# New Location: "Donut" Reef



## WhackUmStackUm (Jan 31, 2010)

I found the "Donut" reef this past weekend. This is a large metal storage tank about the size of one of the boilers on the Russian Freighter. Looks like it rolled about 275' NW of its deployment location during a storm. I notified Robert Turpin and he will update the Escambia County reef list with the new coordinates.
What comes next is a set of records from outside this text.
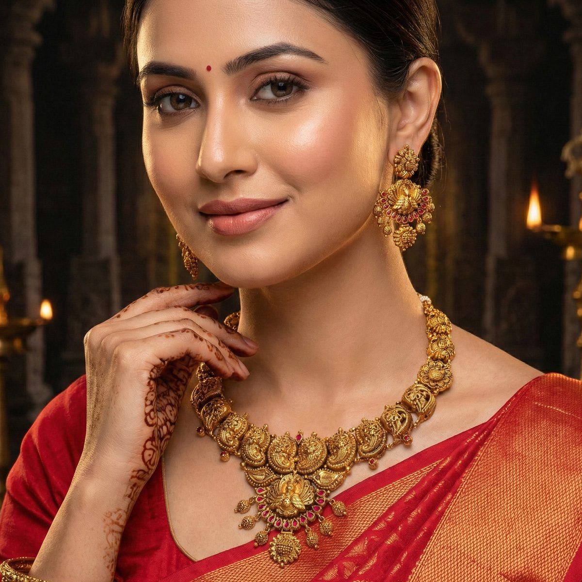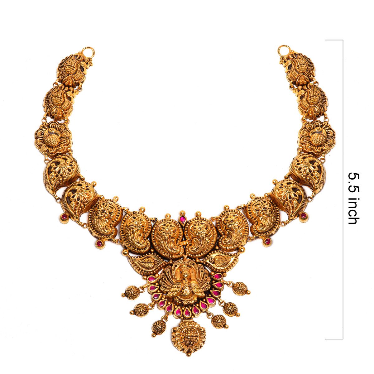 916 Hallmarked Gold Necklace. Crafted in a heritage antique style, this piece features a classic South Indian Mango (Manga) chain leading to a majestic Peacock (Annam) pendant. Adorned with vibrant red stones and hanging gold beads, it is the perfect bridal accessory.
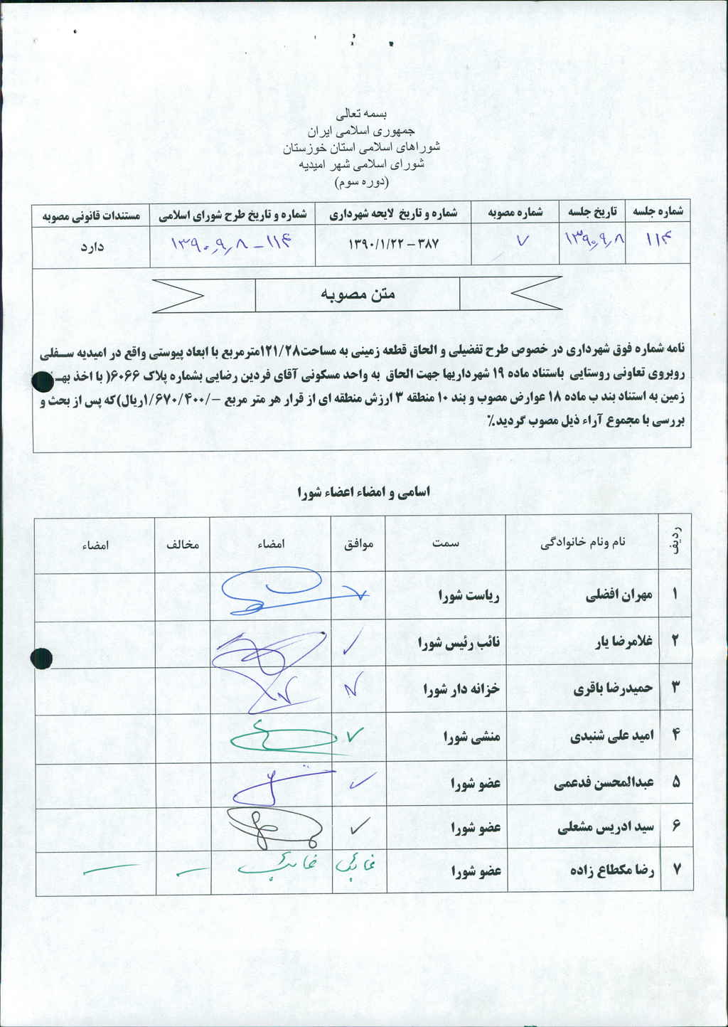 مصوبه شماره ۷ جلسه شماره ۱۱۴ شورای اسلامی شهر امیدیه
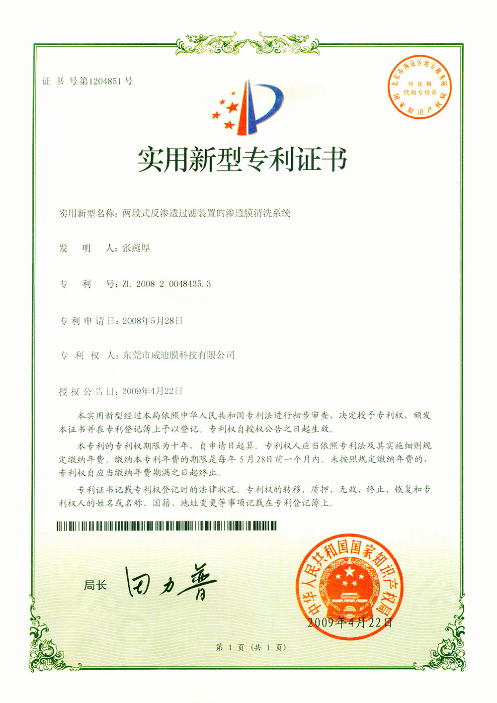 兩段式反滲透過濾裝置的滲透膜清洗系統
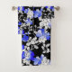 Elegant Blue White Black Floral Pattern Bath Towel Set
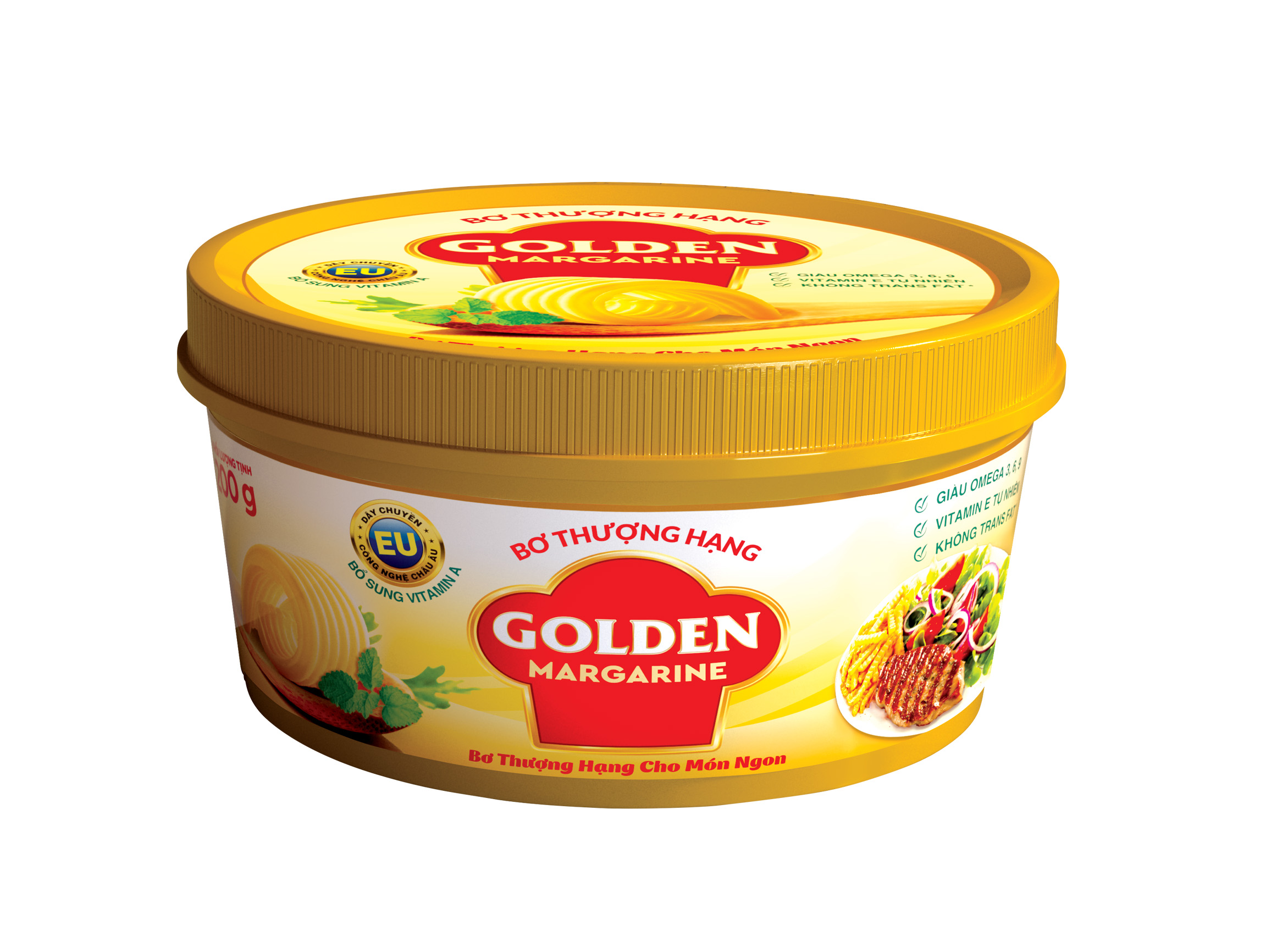 BƠ THƯỢNG HẠNG GOLDEN MARGARINE - BƠ THƯỢNG HẠNG CHO MÓN NGON Bơ thượng hạng Golden Magarine là một thực phẩm thơm ngon giúp tăng hương vị của món ăn và là một sản phẩm vô cùng quen thuộc với nhà nội trợ Việt. Bơ thượng hạng Golden Margarine được sản xuất tại Việt Nam theo dây chuyền công nghệ hiện đại từ Châu Âu, với thành phần được lựa chọn kỹ. Bơ thượng hạng Golden Margarine là bơ thực vật giàu Omega 3, 6, 9; Vitamin E tự nhiên; bổ sung Vitamin A; không chứa Transfat. Với hương bị thơm ngon đặc trưng, bơ thượng hạng Golden Margarine thường được sử dụng trong các công thức làm bánh ngọt, bánh mì, bánh quy, làm các món nướng, chiên xào, bắp rang bơ hoặc dùng ăn trực tiếp với bánh mì.
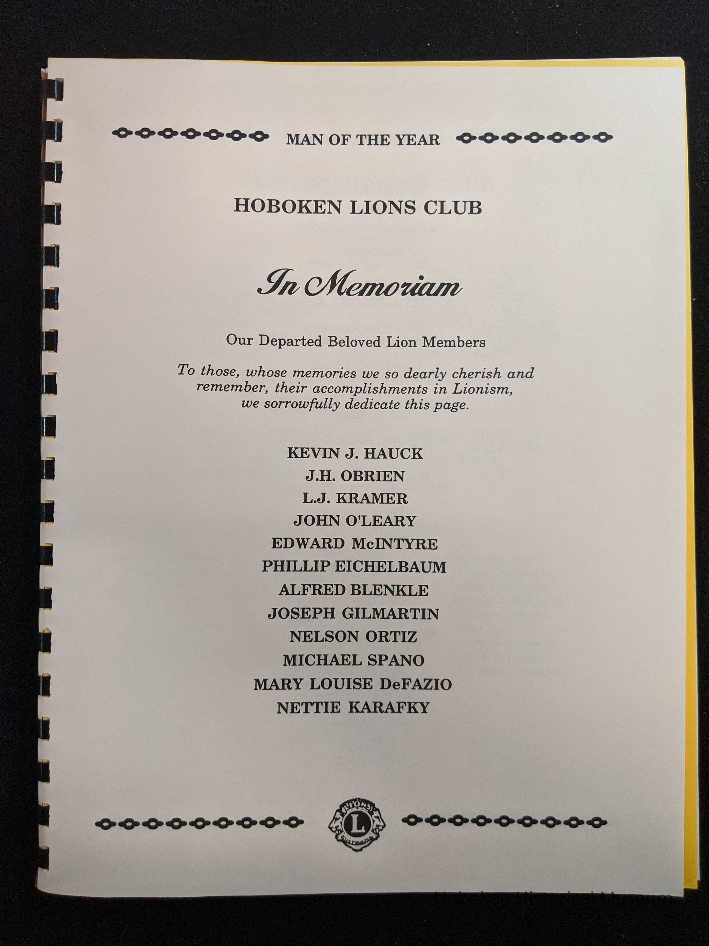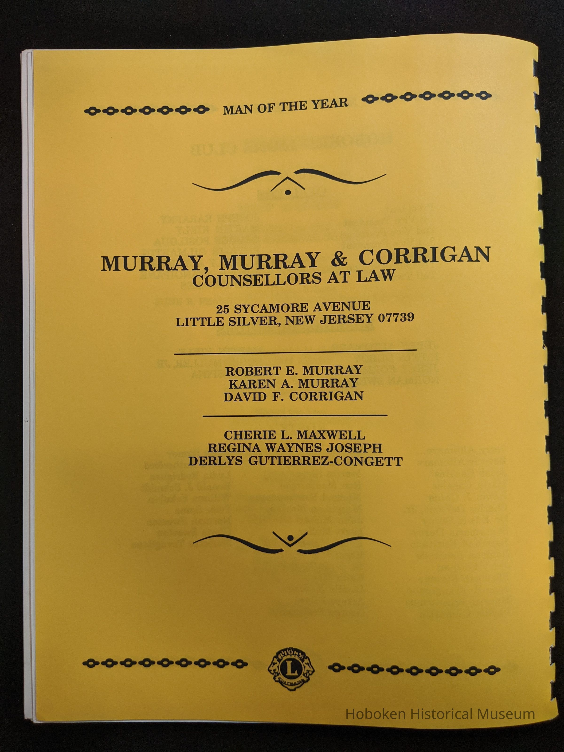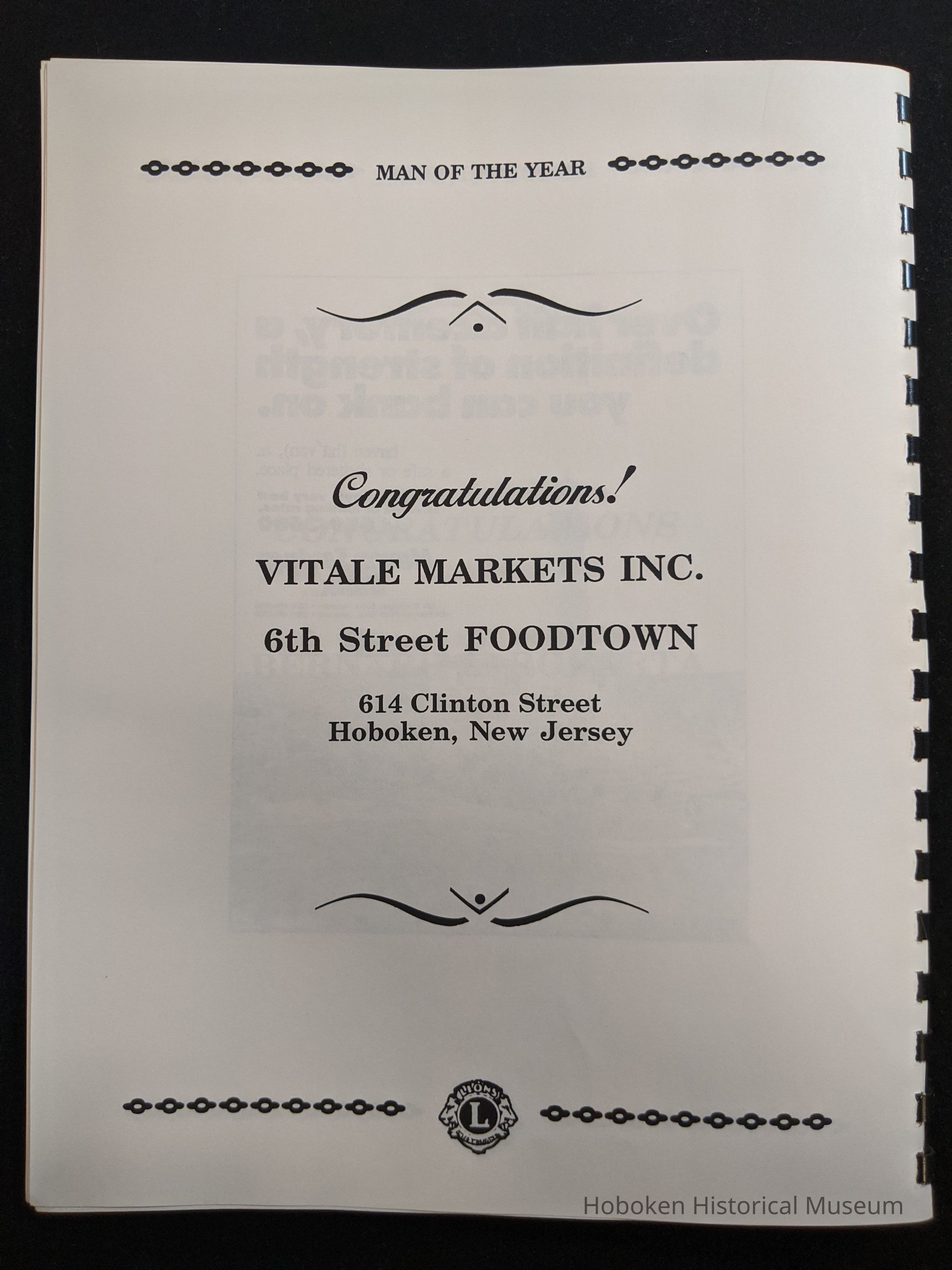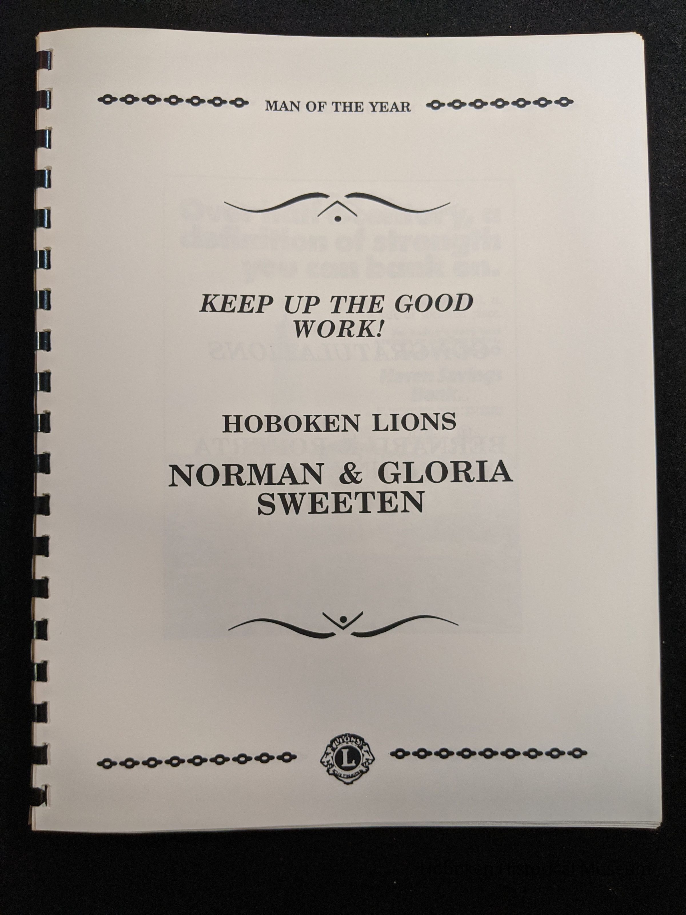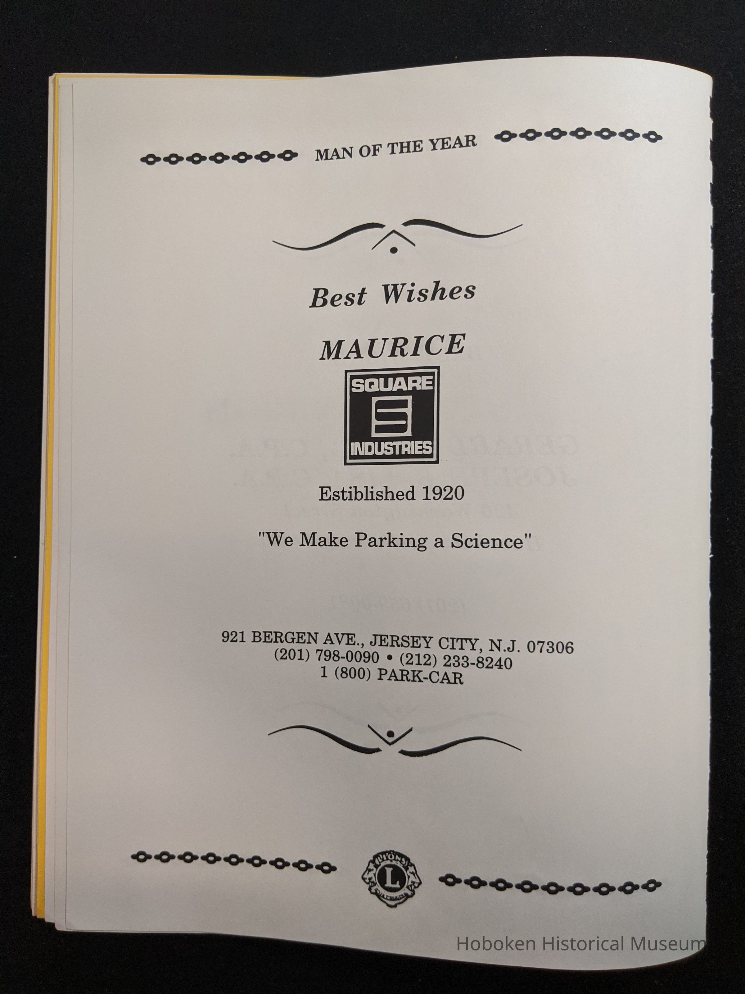 Bound program from the Hoboken Lions Club Charity Ball Dinner honoring Man of the Year Maurice Fitzgibbons. Saturday, February 12, 1992. Front and back cover on white card stock. Interior 18 sheets/36 pages, all white except one is goldenrod.
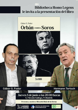 El próximo jueves 5 de junio a las 20:00 horas, el Centro de Derechos Fundamentales y la editorial Homo Legens presentan el libro Orbán contra Soros donde intervendrán Hermann Tertsch, eurodiputado, y Gábor G. Fodor, autor de la obra. La presentación y moderación correrán a cargo de Ricardo Ruiz de la Serna, jefe de Estudios y Formación de la Fundación Disenso.
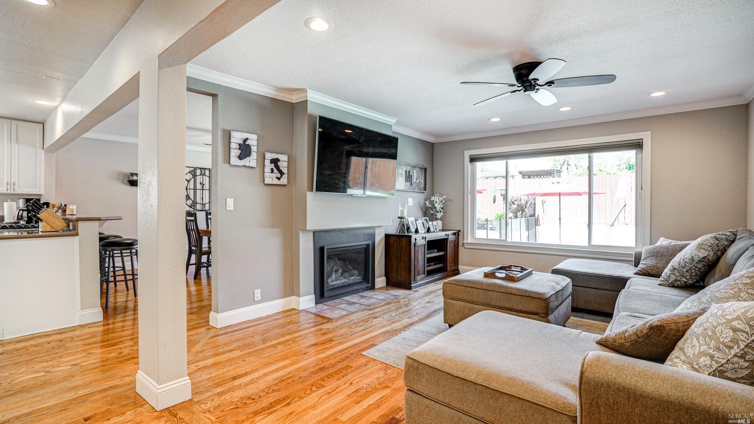 Welcome home! This meticulously maintained home features an open floor plan and two primary bedrooms, one on the main level. Upon entering, you will be impressed by the gleaming hardwood floors and the crown molding. The living room features an inviting gas fireplace insert and a huge window to enjoy the view of the sparkling pool. The open kitchen has abundant cabinets, Corian counters, and stainless appliances, and combines with the spacious dining room. There are three bedrooms on the main level. The second spacious primary bedroom is upstairs. It has a huge ensuite bathroom, plus an additional room (with skylights) currently used as a gym. It also has abundant closet/storage space. The peaceful backyard has a Pebbletec sparkling pool, which was recently resurfaced. The pool equipment was also recently replaced. The siding was recently replaced, and central air was installed in June 2022. The electrical panel was also installed a few years ago. The refinished garage creates a useful space and has storage galore. This San Marin beauty is located near award-winning San Ramon Elementary, Sinaloa Middle School, and San Marin High School. Dog Bone Meadow dog park, Indian Valley Golf Course, Rolling Hills Tennis Club, Kaiser Medical, Harvest Market, restaurants, and miles of trails are minutes away.
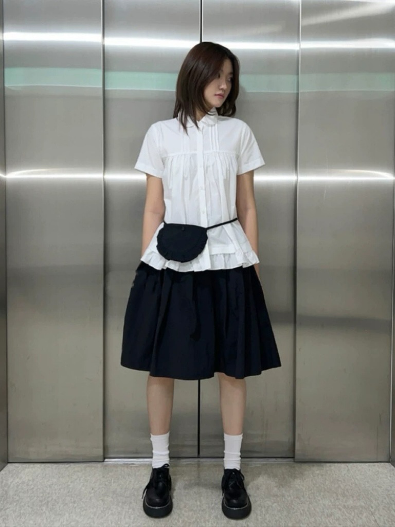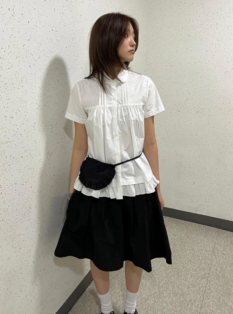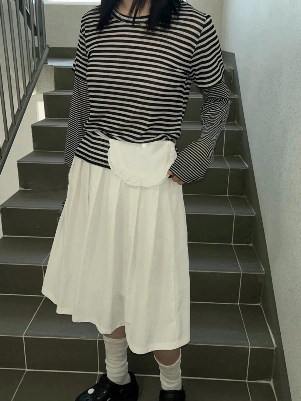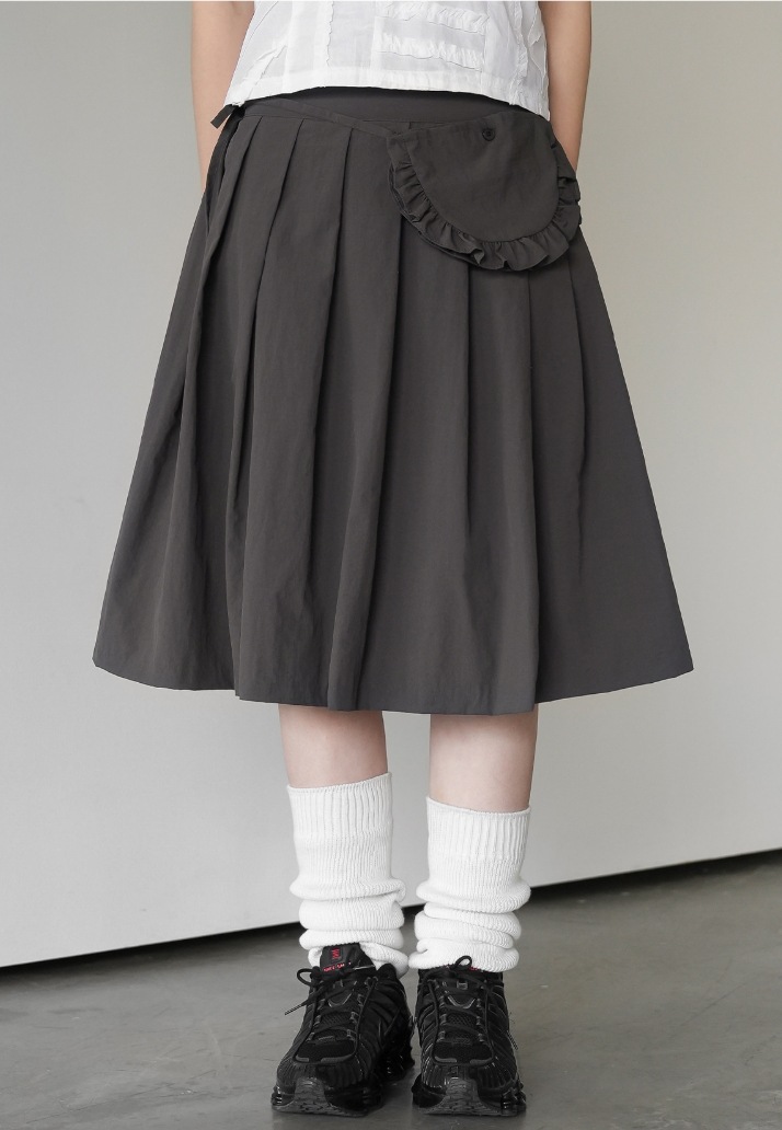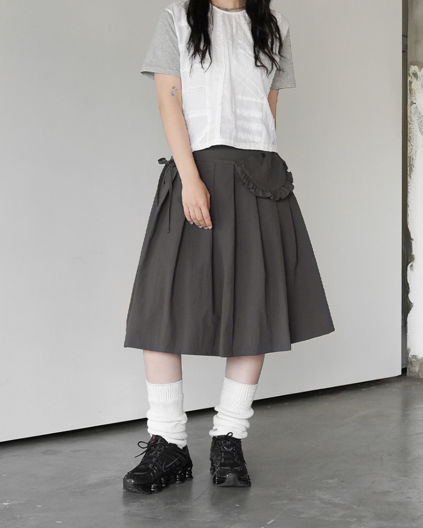 레트로한 일본풍 소녀들을 위한 나이를 줄여주는 스타일, 활용도 높은 슬림핏 하이웨이스트 플리츠 스커트, 레이스 끈 장식 미니백 3가지 색상

Old Location: 30 10.883 N 87 14.446 W
New Location: 30 10.913 N 87 14.484 W


Whackum


----------



## jspooney (Oct 2, 2007)

cool. I was looking for it and couldn't find it last time I went.


----------



## cody&ryand (Oct 3, 2007)

About how far out us this from the pass. Also what all did you see if you don't mind sharing ?


----------



## sealark (Sep 27, 2007)

Thats what it is a donut. Used back in the old days. It floated with the bottom open to the ocean. It was used by NAS old oil was pumped or poured into it when full it was towed offshore, tipped over the oil would float and be dissapated by the sun and wave action. Pulled back in and refilled. The lexington barge and fender next to the barge were used by the carrier Lexington. The fender was between the ship and pier. Barge was used to paint the sides or work off of. That donut moves after every good sized storm.


----------



## aquatic argobull (Mar 2, 2009)

What is the depth? Anything interesting on the reef besides snapper and lionfish?


----------



## jspooney (Oct 2, 2007)

aquatic argobull said:


> What is the depth? Anything interesting on the reef besides snapper and lionfish?


. If I remember, the depth is around 100'. Could be wrong though.


----------



## submariner (Oct 2, 2007)

thks for posting the corrected numbers


----------



## WhackUmStackUm (Jan 31, 2010)

aquatic argobull said:


> What is the depth? Anything interesting on the reef besides snapper and lionfish?


 If I remember correctly, I think it was around 75' to the bottom.

Not much to see in the way of fish. My son shot four lionfish.


----------



## sealark (Sep 27, 2007)

Ive gotten a few flounder on it years ago about 3 moves ago. It just keeps rolling along after every storm always winds up NW from last spot.


----------



## coolbluestreak (Jun 27, 2011)

Thanks for the knowledge Bryan and Ron!


----------



## REDFISH KING (May 9, 2009)

How far out of Pensacola Pass ?


----------



## sealark (Sep 27, 2007)

About 9 miles south close to a barge.


----------